This weekend, I had my first legitimate panic attack in front of Erik.
Since the beginning of our relationship, I talked about my anxiety candidly. I remember telling him on the night of our first kiss – five days before he asked me out – that I have some issues. He reacted supportively, saying that he would be happy to help me get through tough times. He’s said this whenever I’ve brought it up again. It’s one of the things I found really refreshing about him.
We’ve been dating for just over a year and half. In that time, my anxiety hasn’t truly flared up in front of him. Part of it is that I do my best to prevent it. Part of it is that I always felt uniquely at ease around him. I used to think this was a good thing: how fabulous that my anxiety stayed at bay while we were together! It didn’t put a damper on anything we did, which is what I hate most about being anxious. After this weekend, I realize I was only putting off the inevitable.
On Saturday night, we went on a dinner cruise with his family – his parents, Natalie, and her husband. I had been dreading this from the get-go. I regretted not declining earlier, insisting that someone go in my place. Still, I was able to put the worry out of my mind and prepare, something I’ve always found calming. I bought two kinds of motion-sickness medicine, acupressure bracelets, and ginger gum.
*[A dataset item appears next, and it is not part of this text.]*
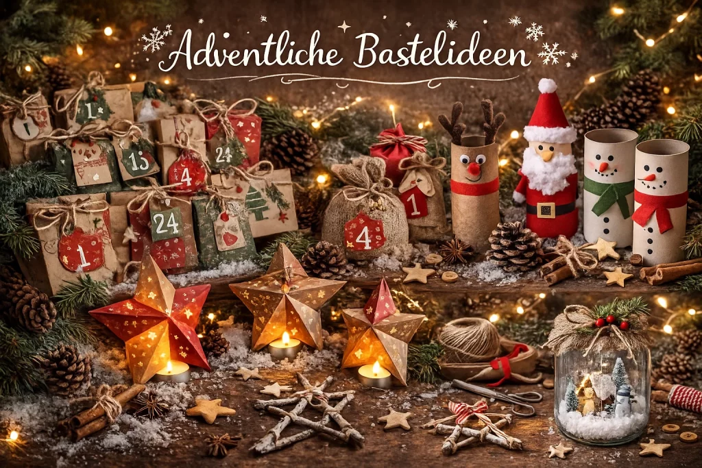 Adventliche Bastelideen   Was wäre der Advent ohne Bas­teln?! In kur­zen Vide­os zei­gen wir Ihnen, wie schnell und ein­fach ein advent­li­cher Kranz, ein Wind­licht, eine Ker­ze, ein Fens­ter­stern uvm. selbst gemacht ist. Las­sen Sie sich für Ihre Fami­li­en-Bas­tel­stu­be Zuhau­se mit vie­len Ideen für Groß und Klein inspirieren.

I felt ready.
But as soon as I walked down that pier and heard the boats rocking in the harbor, I freaked. Stepping on board didn’t help – because we were still docked, there was a distinct rocking motion. I panicked.
Tears came involuntarily as I clutched at my bag and focused my eyes on anything but the windows that displayed visually the teetering motion I felt. There was no way I could survive three hours on a boat if it was going to feel like this. All of my well-laid-out plans to retreat to the top deck and put on my bracelets were out the window; I wanted off the boat. Now. And I said as much, through clenched teeth, to Erik, along with I want to go home, I can’t do this, and why are you making me do this?
I could tell he was dumbfounded. In theory, anxiety wasn’t a big deal to him. It was a vague concept, one that he probably interpreted as me being a little nervous about things. To see it in full force, however, was completely different. He didn’t know what to say or do, which just made me feel guilty.
Thankfully, Natalie (who is my best friend of five years and well aware of my anxiety issues) came to greet me and, upon seeing my tear-filled eyes, calmed me down. She hugged me tightly and asked what was wrong. When I told her, she reassured me and told me her husband said that this was the worst of it – once we got moving, it would be okay. I would be okay. And I believed her.
I don’t fault Erik for his reaction, not in the least. He didn’t know. But that’s the thing – he didn’t know. Now, he realizes what anxiety does to me and that it’s possible – and probable – that I’ll have a similar reaction to most new experiences. It was a dose of reality for him, and quite frankly, it scares me. This realization could have a negative impact on our relationship, because he has to deal with the reality that this is “normal.” Is that something he wants to deal with? Is he willing to give up going on cruises – real, week-long ones – together, because it’s something I know is too overwhelming for me?
I ended up enjoying the rest of the cruise, though I will admit I'm relieved to have it off of my mind. But now I've replaced that anxiety with worry, because I never anticipated Erik's reaction to seeing me panic. All I can do is discuss it more, promise to try my hardest to work on it and not let it paralyze me, and ask him to be patient. Trust isn't my strong point, but I don't have much other choice.